Background:
Treatment of cranial deformity is often performed during infancy in cases such as craniosynostosis and deformational plagiocephaly. To acquire morphologic standards for the treatment goals of these conditions, we created cranial average models and elucidated the growth patterns of the cranium of healthy infants in 3-dimension (3D) using homologous modeling.
Methods:
Homologous modeling is a technique that enables mathematical analysis of different 3D objects by converting the objects into homologous models that share the same number of vertices with the same spatial relationships. Craniofacial computed tomographic data of 120 healthy infants ranging in age from 1 to 17 months were collected. Based on the computed tomographic data, we created 120 homologous models. Six average 3D models (20 individuals each for 6 different age groups) were created by averaging the vertices of the models.

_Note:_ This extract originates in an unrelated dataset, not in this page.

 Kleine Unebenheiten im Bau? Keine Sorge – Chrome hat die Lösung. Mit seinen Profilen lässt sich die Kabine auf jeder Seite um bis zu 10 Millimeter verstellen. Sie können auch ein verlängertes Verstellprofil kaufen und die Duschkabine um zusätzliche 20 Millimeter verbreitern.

Three-dimensional growth patterns of the cranium were clarified by comparing the 6 average models.
Results:
We successfully created 6 average models and visualized the growth patterns of the cranium. From 1-month-old to 5-month-old infants, the entire cranium except for the occipital region grows, and the cranium tended to be brachycephalic (cephalic index at 4–5 months: 87.1–97.3), but the growth was thereafter localized to specific areas.
Conclusions:
Three-dimensional growth patterns of the cranium of healthy infants were clarified. These findings will support the understanding and treatment of the conditions that cause cranial deformity. To our knowledge, this is the first report to visualize the growth patterns of the entire cranium of healthy infants in 3D.
INTRODUCTION
Treatment of cranial deformity is often performed during infancy in the cases such as craniosynostosis and deformational plagiocephaly. Currently, there are few morphologic standards for the treatment goals of these conditions.1–3 Our research was done to help solve this problem by creating average cranial models based on the computed tomographic (CT) data of 120 Japanese healthy infants.

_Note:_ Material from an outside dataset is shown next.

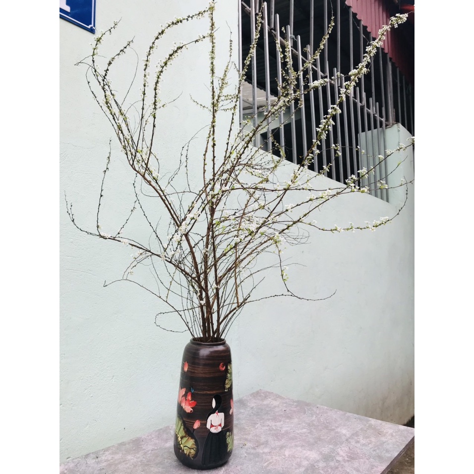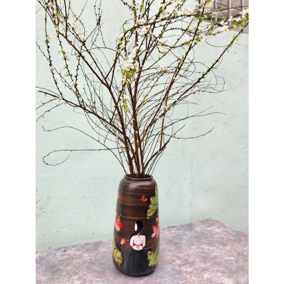 Bình Hoa Lọ Hoa Gốm Dáng Bom Men Mộc Vẽ Tay Thủ Công Gốm Sứ Bát Tràng - Gốm Bích

We also clarified the growth patterns of the cranium in 3-dimension (3D). The size of the cranium grows to about 80% of adult’s size by the age of 2 years.4 Therefore, grasping the growth patterns of cranium in healthy infants is important for evaluation and treatment. So far, the infant’s cranial growth pattern has been investigated with measures such as direct measurement, X-ray photograph (Xp), CT, and 3D stereophotogrammetric scans.5–7 However, most of them express the cranial morphology with 2D values such as circumference and the ratio of length to width. The growth pattern of the cranium is complex, and there are various 3D features. In addition, areas and degree of growth at each age are not constant. Therefore, 3D analysis is indispensable to clarify the detailed growth patterns of the cranium.
We have been using homologous modeling for 3D analysis of the cranial morphology and have reported its usefulness.8 Homologous modeling is a technique that enables mathematical analysis of different 3D objects by converting the objects into homologous models that share the same number of vertices with the same spatial relationships. The analysis is performed by averaging and comparing the corresponding vertices across individual objects. It is mainly applied in the industrial field, so as to determine the size variation of clothes or to design the frames of eyeglasses.9–11 It can be similarly applied to the analysis of cranial morphology.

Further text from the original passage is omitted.